Independente disso, fato é que a principal novidade trazida pela MP – o contrato de trabalho verde e amarelo – tem causado um certo alvoroço no mundo das relações do trabalho, seja nos estudiosos do Direito do Trabalho ou no âmbito das relações de trabalho propriamente dito – literalmente a relação entre empregados e empregadores, especialmente entre estes últimos que anseiam pelo início de aplicação das regras de incentivo e desoneração de folha de pagamento.
A medida visa fomentar a empregabilidade junto aos jovens, especificamente aqueles que buscam uma “primeira” colocação no mercado de trabalho.

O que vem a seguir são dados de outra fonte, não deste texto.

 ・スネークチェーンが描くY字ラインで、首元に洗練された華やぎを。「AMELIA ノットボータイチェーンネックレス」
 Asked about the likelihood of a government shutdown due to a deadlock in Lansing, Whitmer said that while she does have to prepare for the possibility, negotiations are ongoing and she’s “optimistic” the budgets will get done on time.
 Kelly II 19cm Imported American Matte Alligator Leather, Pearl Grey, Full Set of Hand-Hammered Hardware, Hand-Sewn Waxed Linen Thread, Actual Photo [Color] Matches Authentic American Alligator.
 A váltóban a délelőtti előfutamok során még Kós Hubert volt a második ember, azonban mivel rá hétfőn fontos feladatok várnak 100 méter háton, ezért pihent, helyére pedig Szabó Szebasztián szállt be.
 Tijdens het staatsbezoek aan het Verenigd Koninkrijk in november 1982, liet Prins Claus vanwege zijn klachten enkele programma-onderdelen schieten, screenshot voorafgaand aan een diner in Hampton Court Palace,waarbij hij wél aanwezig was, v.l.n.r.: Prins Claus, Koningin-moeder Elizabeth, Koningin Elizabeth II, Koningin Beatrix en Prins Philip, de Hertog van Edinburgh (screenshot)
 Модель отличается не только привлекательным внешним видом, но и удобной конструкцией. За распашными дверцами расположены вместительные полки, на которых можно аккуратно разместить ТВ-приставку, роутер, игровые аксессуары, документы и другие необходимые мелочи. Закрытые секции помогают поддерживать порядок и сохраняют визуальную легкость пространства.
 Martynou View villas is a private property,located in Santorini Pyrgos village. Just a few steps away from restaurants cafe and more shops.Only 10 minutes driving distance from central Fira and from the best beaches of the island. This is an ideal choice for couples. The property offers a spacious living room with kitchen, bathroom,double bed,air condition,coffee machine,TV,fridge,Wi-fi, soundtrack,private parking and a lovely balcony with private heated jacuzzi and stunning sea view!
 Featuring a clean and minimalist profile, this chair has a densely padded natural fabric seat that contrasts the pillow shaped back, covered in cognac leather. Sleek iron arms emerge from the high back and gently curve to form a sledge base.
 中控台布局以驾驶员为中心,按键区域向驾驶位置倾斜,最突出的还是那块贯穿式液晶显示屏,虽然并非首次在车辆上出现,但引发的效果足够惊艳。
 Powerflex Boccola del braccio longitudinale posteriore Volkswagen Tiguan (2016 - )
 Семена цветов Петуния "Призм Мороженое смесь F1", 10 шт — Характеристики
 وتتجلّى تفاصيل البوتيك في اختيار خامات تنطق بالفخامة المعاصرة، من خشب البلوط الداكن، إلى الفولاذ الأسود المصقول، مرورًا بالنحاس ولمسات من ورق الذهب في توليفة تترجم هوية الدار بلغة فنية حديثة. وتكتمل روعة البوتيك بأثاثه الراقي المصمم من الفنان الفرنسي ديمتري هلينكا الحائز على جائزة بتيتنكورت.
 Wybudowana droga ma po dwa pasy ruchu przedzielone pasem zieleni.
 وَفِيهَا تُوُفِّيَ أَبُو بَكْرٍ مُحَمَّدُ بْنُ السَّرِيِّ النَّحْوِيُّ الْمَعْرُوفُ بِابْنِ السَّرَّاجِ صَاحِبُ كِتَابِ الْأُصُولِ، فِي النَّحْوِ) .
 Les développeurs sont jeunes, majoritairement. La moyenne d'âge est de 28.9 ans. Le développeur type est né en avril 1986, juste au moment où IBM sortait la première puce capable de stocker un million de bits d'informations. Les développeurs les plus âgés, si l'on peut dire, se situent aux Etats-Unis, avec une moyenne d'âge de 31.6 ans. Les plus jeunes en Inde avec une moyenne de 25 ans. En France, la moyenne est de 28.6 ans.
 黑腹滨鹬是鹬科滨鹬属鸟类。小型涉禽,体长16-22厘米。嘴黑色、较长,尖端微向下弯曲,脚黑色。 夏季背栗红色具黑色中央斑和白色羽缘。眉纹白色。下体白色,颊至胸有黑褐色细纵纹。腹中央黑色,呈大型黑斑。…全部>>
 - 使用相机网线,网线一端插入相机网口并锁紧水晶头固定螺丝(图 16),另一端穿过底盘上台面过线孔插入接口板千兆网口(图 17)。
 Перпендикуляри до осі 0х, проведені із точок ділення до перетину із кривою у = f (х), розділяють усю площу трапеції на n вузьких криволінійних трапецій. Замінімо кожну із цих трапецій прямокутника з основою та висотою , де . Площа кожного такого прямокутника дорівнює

E “primeira” vem entre aspas justamente porque houve flexibilização do conceito de “primeiro emprego”, como se verá adiante.
O presente artigo não tem expectativa de enfrentar os temas relativos às possíveis inconstitucionalidades que já vem sendo levantados a respeito da MP em questão, inclusive as potencialmente significantes inconstitucionalidades formais, como a sua utilização para tratar de temas que deveriam ser previstos especificamente por Lei Complementar (como normais processuais ou o fim do pagamento do adicional de 10% sobre multa de FGTS) ou temas que por terem previsão constitucional não poderiam ser limitados por uma MP (como a redução da multa rescisória fundiária de 20% para 40% na dispensa sem justa causa, ainda que negociado pelas partes), mas sim de trazer uma primeira apresentação, do ponto de vista de aplicação prática dessa nova modalidade contratual trabalhista.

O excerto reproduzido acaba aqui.